Consider a situation in which two different moving magnets induce two different open circuit voltages in two different wires, and then these wires are tied together. One may naively assume that we are connecting two voltage sources together, and are facing a mathematical paradox. In reality, no mathematical paradox is posed, even if we assume that the wires are ideal, (i.e. without resistance).
The reason is that not only do the magnets create magnetic flux around the wires, but current also creates magnetic flux around the wires. Thus, when connected, and current is allowed to flow, the two wires no longer form ideal voltage sources.
The flow of current is associated with a proportional magnetic flux. This magnetic flux must be considered along with the flux of the magnets in order to determine the voltages induced in the wires. It will turn out that the voltage induced in both wires, when they are connected to form a closed circuit, is the same.
In the following model, I have replaced the moving magnets with coupled inductors fed by ideal current sources. These current sources produce (or appear with) a certain amount of flux in the coupled inductors. But current flowing through the wires between the left and right hand side of the circuit also produce (or appear with) a certain amount of flux in the coupled inductors. The two flux fields superpose, just as the flux from permanent magnets and from current superpose.
I have chosen current sources with different frequencies and different amplitudes, to model the magnets being of different strengths and not moving in unison.
simulate this circuit – Schematic created using CircuitLab
Here are the currents through the "primaries" of the coupled inductors:
Here is the current that goes between the two "secondaries" of the coupled inductors.
And here is the voltages across all of the inductors. Notice that the voltages are all the same, even though the primary currents, are different. (Remember that the primary currents represent the magnetic flux induced by the moving magnets, but not the total flux, because some of the flux is induced by the current flowing between the pairs of coupled inductors)

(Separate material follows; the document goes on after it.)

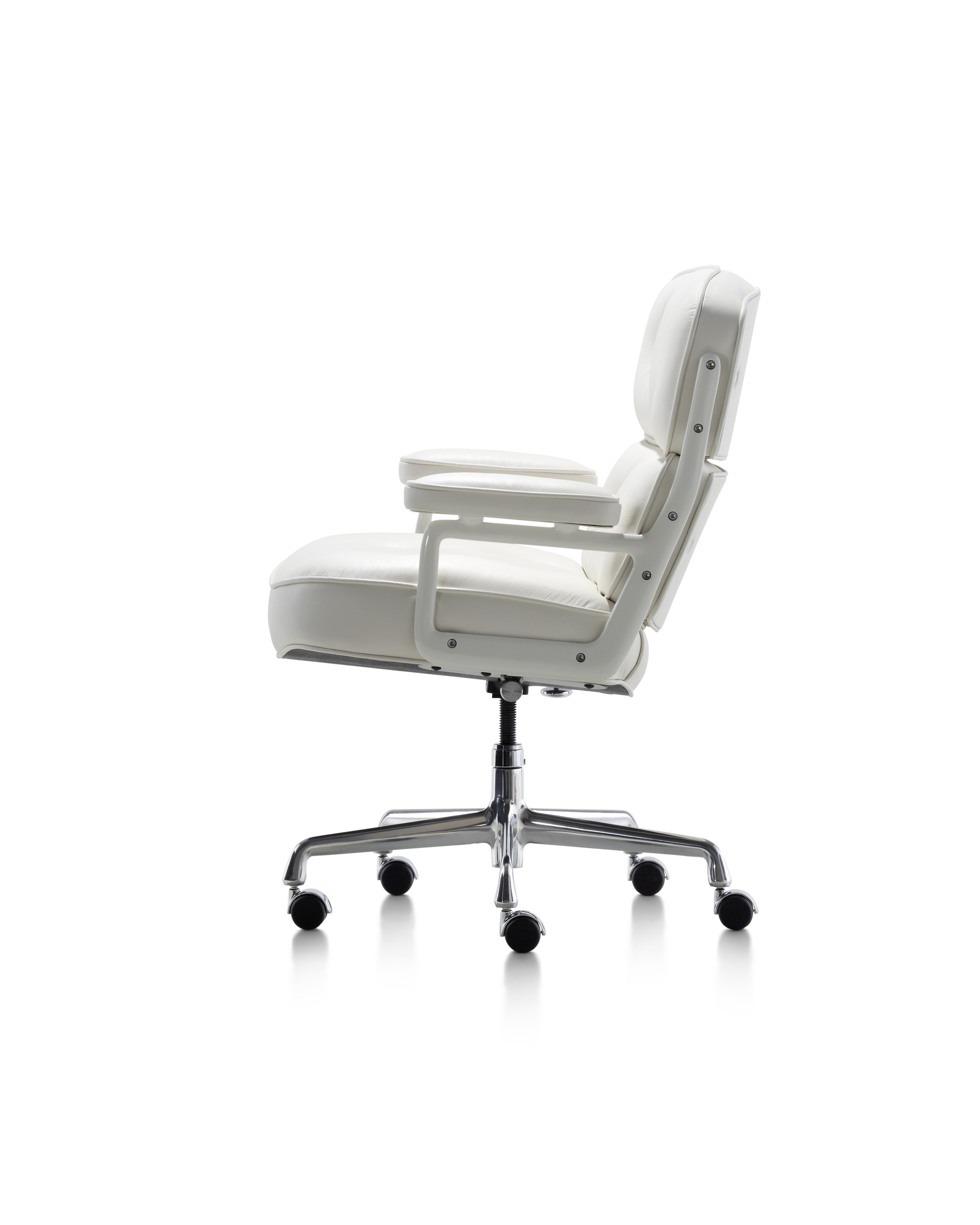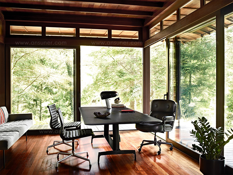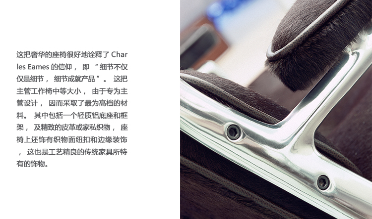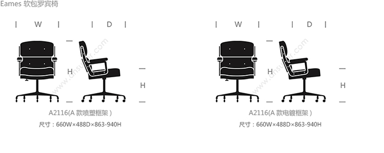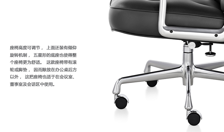 Charles与RayEames夫妇是20世纪最有影响力的火狐HUOHU(中国),卓越的设计涵盖了火狐官方网站、建筑、影像与平面设计。他们从二次世界大战中美国海军的实验计画中学习经验并发展可谓是现今工业中使用模铸胶合版的先锋,这对设计界的超级夫妇档自1940年参与了由MOMA举办的有机火狐官方网站设计大赛,自今已有近百件他们的作品被各大博物馆所永久典藏。 Eames® Soft Pad Side Chair(伊姆斯软包会议椅)是夫妻俩1958年设计的,是在全铝系列的基础上发展的另一系列Eames产品。舒适系列在全铝的椅架上增加了皮革制的柔软坐垫和靠背,高级铝合金制作,压模四星脚,可旋转。背垫和坐垫,采用西皮,具有透气性强,内部填充高密度定型绵,不易变形,不老化,依人体坐姿,符合人体工学,耐水及对人体无害等优势。椅子扶手选用优质电镀铝合金扶手,手感舒适,永久不生锈。转椅底盘为多功能底盘,可以保护使用者长时间坐用腿部健康,且作为高度可多定位调节。气压棒采用的气杆是正规厂家出产的外贸气杆,每一根气杆都有钢印,经过严格SGS检测的才可出厂,旋转、升降自如基本无声响,使用寿命长,可承受250kg,可升降数万次,将椅面调至与膝盖同高时,使用者坐下后双脚跟可垂直平放于地上,且大腿与地面平行,最符合人体工学理论,使用者长期久坐,也不想疲惫。办公椅脚为铝合金材质永久不生锈、承受能力强,安全更放心。椅子脚轮采用优质电镀片脚轮,耐用而美观,可以随意变换位置,贴心更方便,具有防震及防松脱,让椅子的安全性能更加可靠。

Can we study the real behavior of a circuit powered by two different voltages in parallel from two moving magnets in this case, without risk?
We can model the behavior, (as demonstrated above). We can also study the real behavior provided the current between the generators is not too high. The risk involved is that the current circulating between the generators will be excessive and cause them to burn out. However, if the difference in instantaneous open circuit voltages is small (which requires that they have the same frequency and nearly the same phase), then the current circulating between the generators will be correspondingly small.